If we know that the right hand side of an integer modulus operation is a power of two, we can generate way better code obviously and completely avoid the idiv instruction on Intel. So what we needed was a way to get the information that this.waveTableLength is always 2048 from the Oscillator constructor to the modulus operation in Oscillator.prototype.generate. One obvious way would be to try to rely on inlining of everything into the calcOsc function and let load/store elimination do the constant propagation for us, but this would not work for the sine oscillator, which is allocated outside the calcOsc function.

So what we did instead is add support for tracking certain constant values as right-hand side feedback for the modulus operator. This does make some sense in V8, since we track type feedback for binary operations like +, * and % on uses, which means the operator tracks the types of inputs it has seen and the types of outputs that were produced (see the slides from the round table talk on Fast arithmetic for dynamic languages recently for some details). Hooking this up with fullcodegen and Crankshaft was even fairly easy back then, the BinaryOpIC for MOD can also track known power of two right hand sides. In fact running the default configuration of V8 (with Crankshaft and fullcodegen)

shows that the BinaryOpIC is picking up the proper constant feedback for the right hand side of the modulus, and properly tracks that the left hand side was always a small integer (a Smi in V8 speak), and we also always produced a small integer result. Looking at the generated code using --print-opt-code --code-comments quickly reveals that Crankshaft utilizes the feedback to generate an efficient code sequence for the integer modulus in Oscillator.prototype.generate:

So you see we load the value of this.waveTableLength (rbx holds the this reference), check that it’s still 2048 (hexadecimal 0x800), and if so just perform a bitwise and with the proper bitmask 0x7ff (r11 contains the value of the loop induction variable i) instead of using the idiv instruction (paying proper attention to preserve the sign of the left hand side).

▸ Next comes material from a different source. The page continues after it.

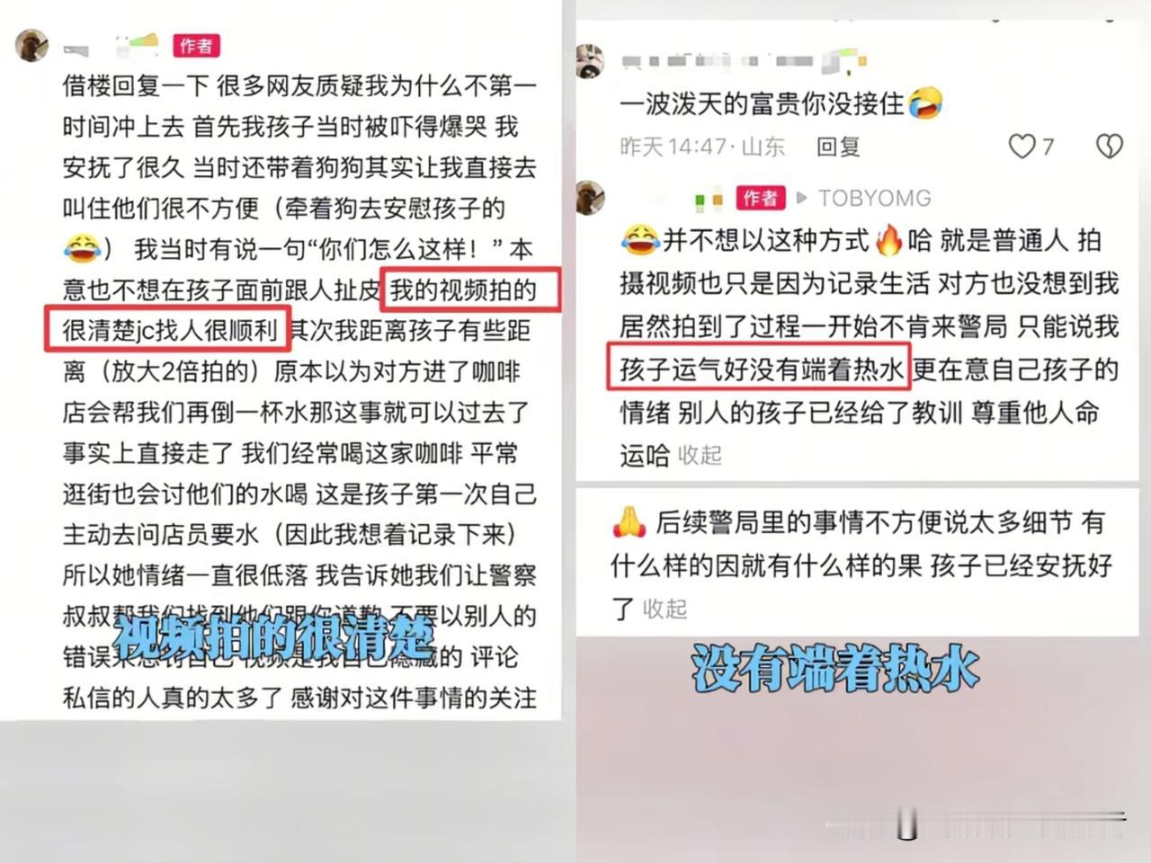 女孩端着咖啡店给的一杯水竟被当众打翻!妈妈的做法太解气,才是顶级家庭教育 女孩只是向咖啡店讨一杯水,却被另一个女孩狠狠打翻水杯,水花溅了满身。更让人气愤的是,肇事女孩全程毫无歉意,她的家长只轻飘飘喊了声孩子的名字,既不阻止也不道歉,扭头就带着孩子扬长而去。 被泼水女孩委屈得红了眼眶,她的妈妈没有忍气吞声,更没有拉着孩子自认倒霉,而是在安抚好女儿情绪后,果断选择了报警。 有人说这点小事没必要兴师动众,可在孩子的世界里,被无故欺负不是小事;在家庭教育里,让孩子忍气吞声才是大错特错。这位妈妈的做法,才是最硬核的教育:教孩子勇敢争取正当需求,更教会孩子,当自己的权益被侵犯时,永远有站出来维权的底气。 那些有养无教的孩子,家长不教,总有社会替你教。可到了那个时候,代价或许就不是一杯水那么简单了。 你觉得这位妈妈的做法是小题大做,还是理所应当?

### The over-specialization issue

So this trick is pretty damn cool, but as with many benchmark focused tricks, it has one major drawback: It’s over-specialized! As soon as the right hand side ever changes, all optimized code will have to be deoptimized (as the assumption that the right hand is always a certain power of two no longer holds) and any further optimization attempts will have to use idiv again, as the BinaryOpIC will most likely report feedback in the form Smi*Smi->Smi then. For example, let’s assume we instantiate another Oscillator, set a different waveTableLength on it, and call generate for the oscillator, then we’d lose 20% performance even though the actually interesting Oscillators are not affected (i.e. the engine does non-local penalization here).

Comparing the execution times of the original audio-oscillator.js and the version that contains an additional unused Oscillator instance with a modified waveTableLength shows the expected results:

This is an example for a pretty terrible performance cliff: Let’s say a developer writes code for a library and does careful tweaking and optimizations using certain sample input values, and the performance is decent. Now a user starts using that library reading through the performance notes, but somehow falls off the performance cliff, because she/he is using the library in a slightly different way, i.e. somehow polluting type feedback for a certain BinaryOpIC, and is hit by a 20% slowdown (compared to the measurements of the library author) that neither the library author nor the user can explain, and that seems rather arbitrary.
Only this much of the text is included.